Robert, so adjured, began to talk, but with difficulty. The words would not flow, and it was almost a relief when in the middle that strange creeping sleep overtook the squire again.

Meyrick, who was staying in the house, and who had been coming in and out through the evening, eyeing Elsmere, now that there was more light on the scene, with almost as much anxiety and misgiving as the squire, was summoned. The squire was put into his carrying-chair. Vincent and a male attendant appeared, and he was borne to his room, Meyrick peremptorily refusing to allow Robert to lend so much as a finger to the performance. They took him up the library stairs, through the empty book-rooms and that dreary room which had been his father's, and so into his own. By the time they set him down he was quite awake and conscious again.

'It can't be said that I follow my own precepts,' he said to Robert grimly as they put him down. 'Not much of the open eye about this. I shall sleep myself into the unknown as sweetly as any saint in the calendar.'

Robert was going when the squire called him back.
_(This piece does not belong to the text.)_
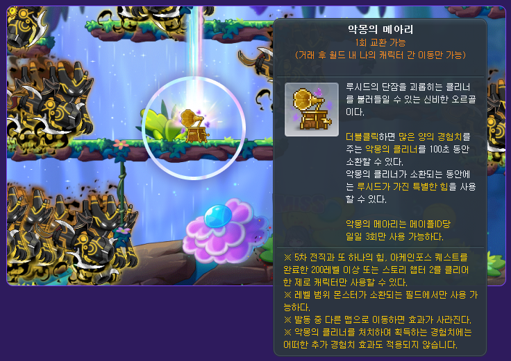 ※ ‘Nightmare Echoes’ can only be used by level 200 or higher characters (or Zero characters that have completed story quest Chapter 2) that have started the ‘Nightmare Echoes’ event and have completed the 5th job advancement and the ‘Another Power, Arcane Force’ quest.

'You'll stay to-morrow, Elsmere?'

'Of course, if you wish it.'

The wrinkled eyes fixed him intently.

'Why did you ever go?'

'As I told you before, Squire, because there was nothing else for an honest man to do.'

The squire turned round with a frown.

'What the deuce are you dawdling about, Benson? Give me my stick and get me out of this.'

By midnight all was still in the vast pile of Murewell. Outside, the night was slightly frosty. A clear moon shone over the sloping reaches of the park; the trees shone silverly in the cold light, their black shadows cast along the gra.s.s. Robert found himself quartered in the Stuart room, where James II. had slept, and where the tartan hangings of the ponderous carved bed, and the rose and thistle reliefs of the walls and ceilings, untouched for two hundred years, bore witness to the loyal preparations made by some bygone Wendover. He was mortally tired, but by way of distracting his thoughts a little from the squire, and that other tragedy which the great house sheltered somewhere in its walls, he took from his coat-pocket a French _Anthologie_ which had been Catherine's birthday gift to him, and read a little before he fell asleep.

Then he slept profoundly--the sleep of exhaustion. Suddenly he found himself sitting up in bed, his heart beating to suffocation, strange noises in his ears.

A cry 'Help!' resounded through the wide empty galleries.

He flung on his dressing-gown, and ran out in the direction of the squire's room.